* **Given data**
■ ■ ■

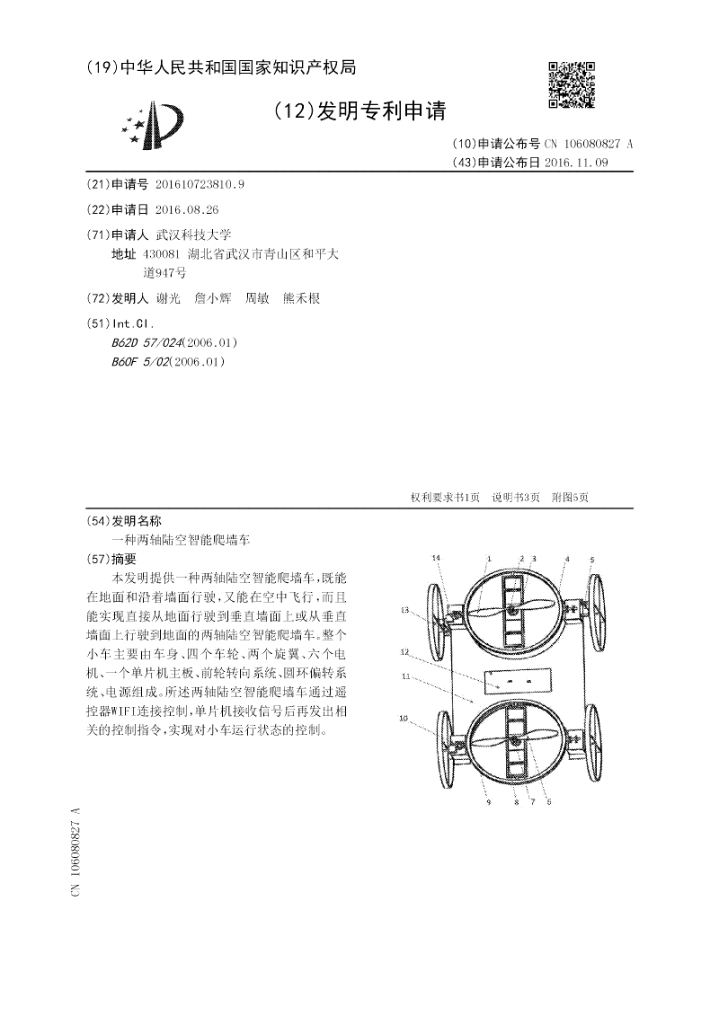 一种两轴陆空智能爬墙车
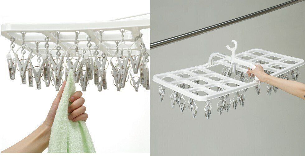 洗濯物を下に引っ張るとピンチが開く設計で、生地を傷めずに簡単かつスピーディ―に取り込むことが可能。60個のピンチでたくさんの洗濯物をまとめて干すことができ、丈夫なフレーム設計なので重量があるアイテムでも安心。部屋干しに便利なスライドフックを採用し、ドアや鴨居にかけられるのも便利。40ピンチや24ピンチタイプもあり。
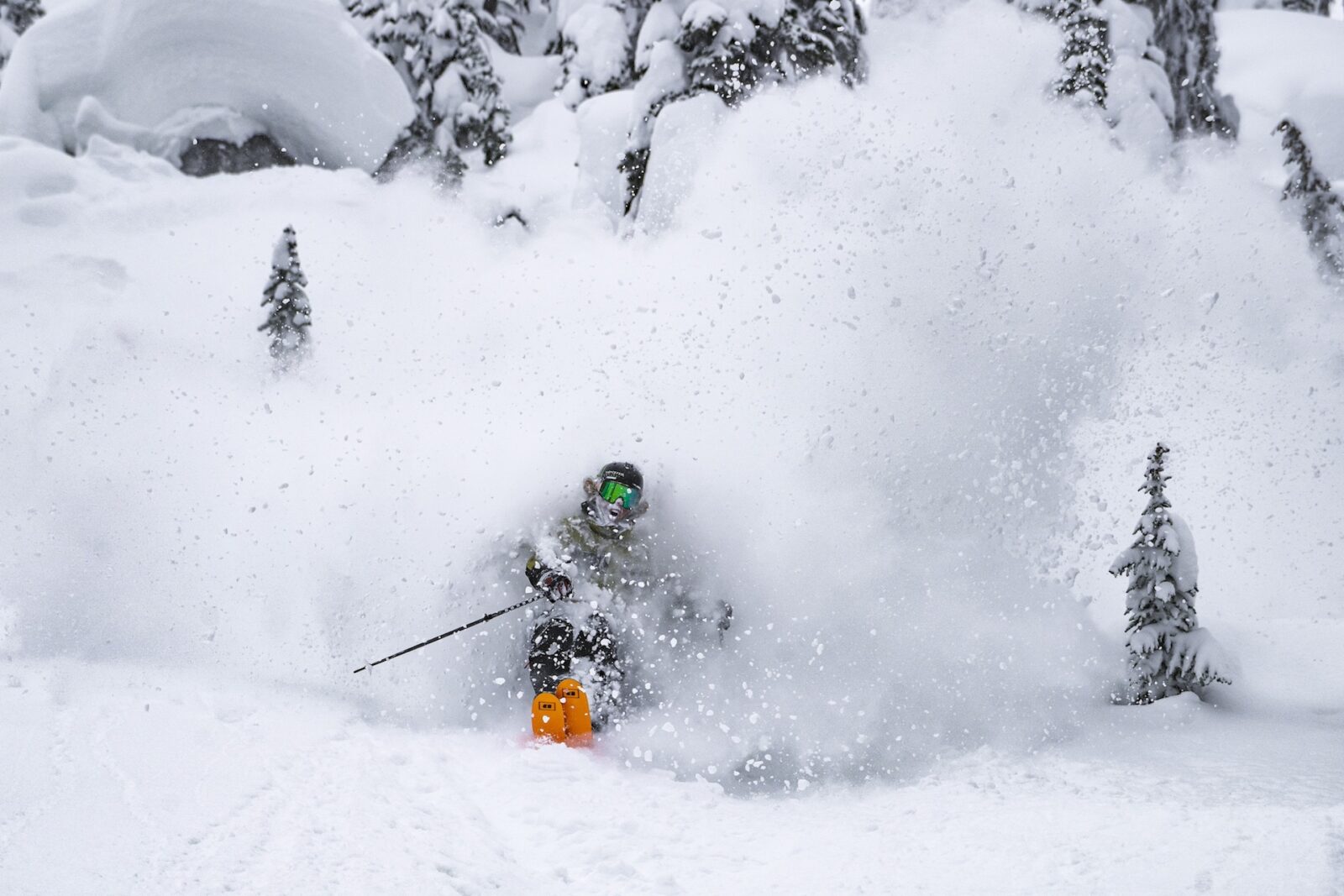 Sammy Carlson blasting a pow turn while filming for North of Now.

■ ■ ■

Copy out all the data exactly. No images belong in the copy.

 一种两轴陆空智能爬墙车
 洗濯物を下に引っ張るとピンチが開く設計で、生地を傷めずに簡単かつスピーディ―に取り込むことが可能。60個のピンチでたくさんの洗濯物をまとめて干すことができ、丈夫なフレーム設計なので重量があるアイテムでも安心。部屋干しに便利なスライドフックを採用し、ドアや鴨居にかけられるのも便利。40ピンチや24ピンチタイプもあり。
 Sammy Carlson blasting a pow turn while filming for North of Now.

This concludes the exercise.